Hi all,
I'm struggling with analysing a data set that is predominantly qualitative, categorical data. My data is basically organised as follows: the presence of three different mosquito species (yes/no or 1/0), and which season, year, month, locality, collection method and sex are associated with each entry. I don't know if that makes sense. I've attached some sample data below that will hopefully clarify. I have tried making some of the data continuous by converting to count data.
Orig collection date | Month | Year | Season | Locality | An. Merus | An. arabiensis | An. quadriannulatus | Identification | Count | Sex | Collection Method |
---|---|---|---|---|---|---|---|---|---|---|---|
27/10/2009 | October | 2009 | Spring | Block A | 1 | 0 | 0 | An. merus | 1 | Male | Larvae |
27/10/2009 | October | 2009 | Spring | Block A | 1 | 0 | 0 | An. merus | 1 | Male | Larvae |
30/04/2015 | April | 2015 | Autumn | Block A | 0 | 0 | 1 | An. quadriannulatus | 1 | Male | Outdoor pot/bucket |
30/04/2015 | April | 2015 | Autumn | Block A | 0 | 0 | 1 | An. quadriannulatus | 1 | Male | Outdoor pot/bucket |
16/03/2016 | March | 2016 | Autumn | Vlakbult | 0 | 1 | 0 | An. arabiensis | 1 | Female | CO₂ tent |
16/03/2016 | March | 2016 | Autumn | Vlakbult | 0 | 1 | 0 | An. arabiensis | 1 | Female | CO₂ tent |
Because of the nature of the data, parametric tests aren't appropriate, and a non-parametric test such as Kruskal-Wallis also doesn't work. A friend suggested I try correlation tests, so I tried Spearman's Rank Correlation, and additionally Wilcoxon Signed Rank tests. I got some statistical results from that, but I'm worried that the assumptions for the tests are not met. My data are not normally distributed, nor homogenous, as per Shapiro-Wilk and Levene's test. I would like to do multi-variable multi-comparison tests if possible. The Wilcoxon Signed Rank test gave me a significant p-value, but I don't know what post-hoc test to do then.

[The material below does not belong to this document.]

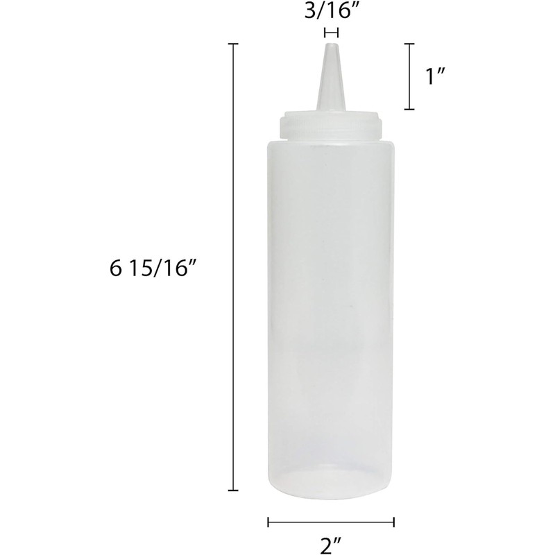 - Measures 8 oz, 2" Diameter x 7" Height, Squeeze Bottle, Clear Color, Polyethylene Bottle with Polypropylene Cap, Temperature withhold for Cap: 194˚F

My research questions are as follows:
- Is there a significant difference between species abundance across seasons? I.e. species 1's abundance in Summer, Winter, Spring and Fall vs Species 2 and Species 3.
2). Is there a significant difference between species abundance across years? I.e. species 1's abundance in Year 1 etc vs Species 2 and Species 3. - Is there a significant difference in species abundance between collection methods?
- Is there a significant difference in species abundance between locations?
Any advice on how to analyse the data would be greatly appreciated!